Supplied information:

────────────────

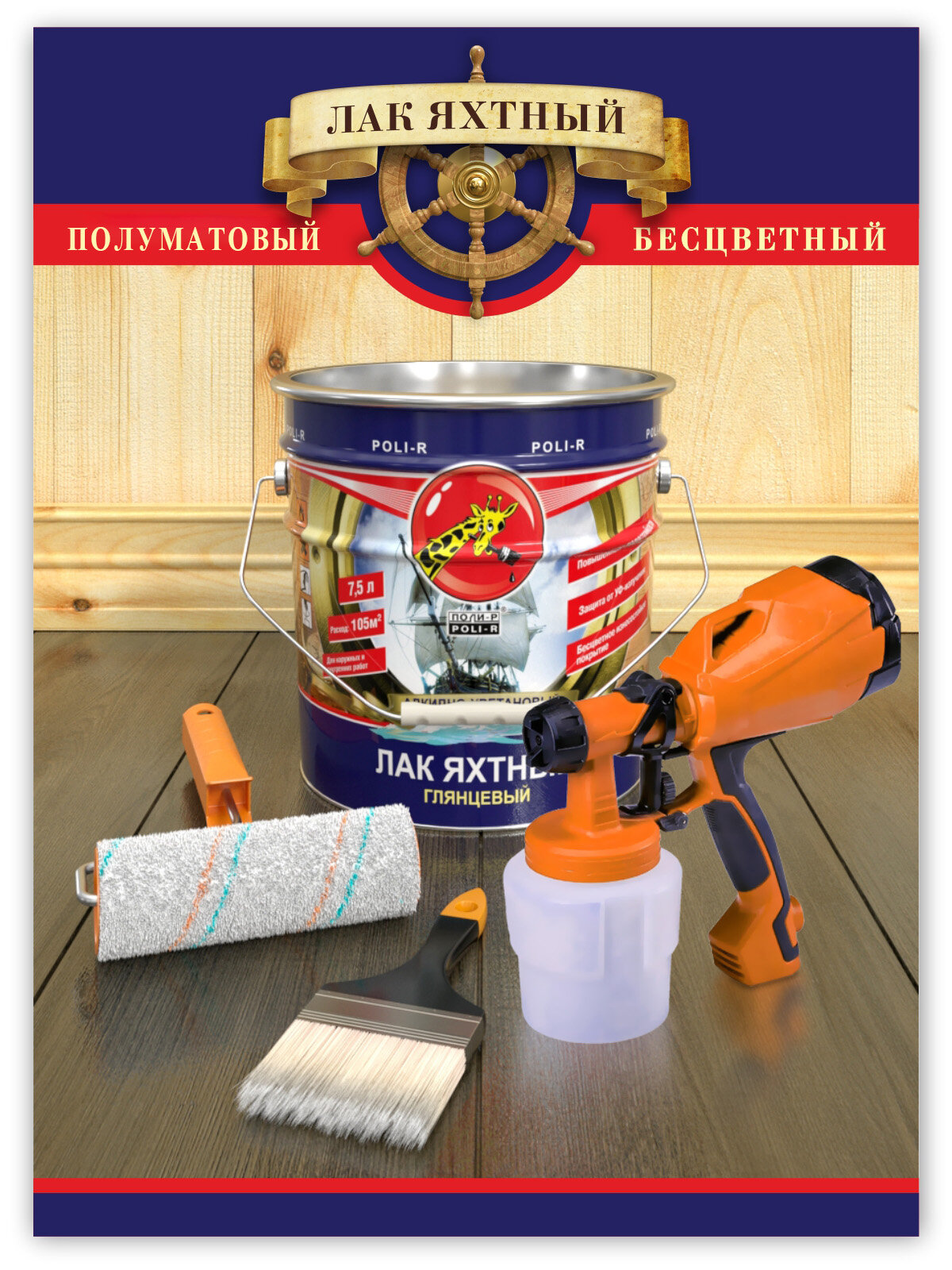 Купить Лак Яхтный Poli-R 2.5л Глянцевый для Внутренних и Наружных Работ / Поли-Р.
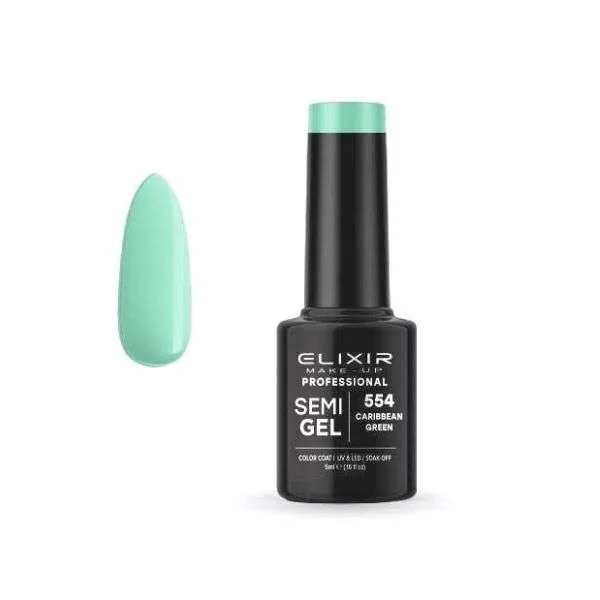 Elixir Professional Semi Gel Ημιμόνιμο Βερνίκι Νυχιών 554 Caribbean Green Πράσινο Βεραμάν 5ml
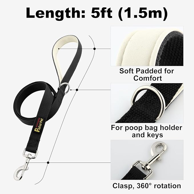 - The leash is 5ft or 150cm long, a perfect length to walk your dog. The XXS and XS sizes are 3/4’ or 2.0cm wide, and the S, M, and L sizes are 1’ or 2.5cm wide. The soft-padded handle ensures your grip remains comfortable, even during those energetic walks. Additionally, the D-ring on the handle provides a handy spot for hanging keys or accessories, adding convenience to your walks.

────────────────

What the task asks: Here the job is to print all the data exactly, skipping any image.

Solution:
 Купить Лак Яхтный Poli-R 2.5л Глянцевый для Внутренних и Наружных Работ / Поли-Р.
 Elixir Professional Semi Gel Ημιμόνιμο Βερνίκι Νυχιών 554 Caribbean Green Πράσινο Βεραμάν 5ml
 - The leash is 5ft or 150cm long, a perfect length to walk your dog. The XXS and XS sizes are 3/4’ or 2.0cm wide, and the S, M, and L sizes are 1’ or 2.5cm wide. The soft-padded handle ensures your grip remains comfortable, even during those energetic walks. Additionally, the D-ring on the handle provides a handy spot for hanging keys or accessories, adding convenience to your walks.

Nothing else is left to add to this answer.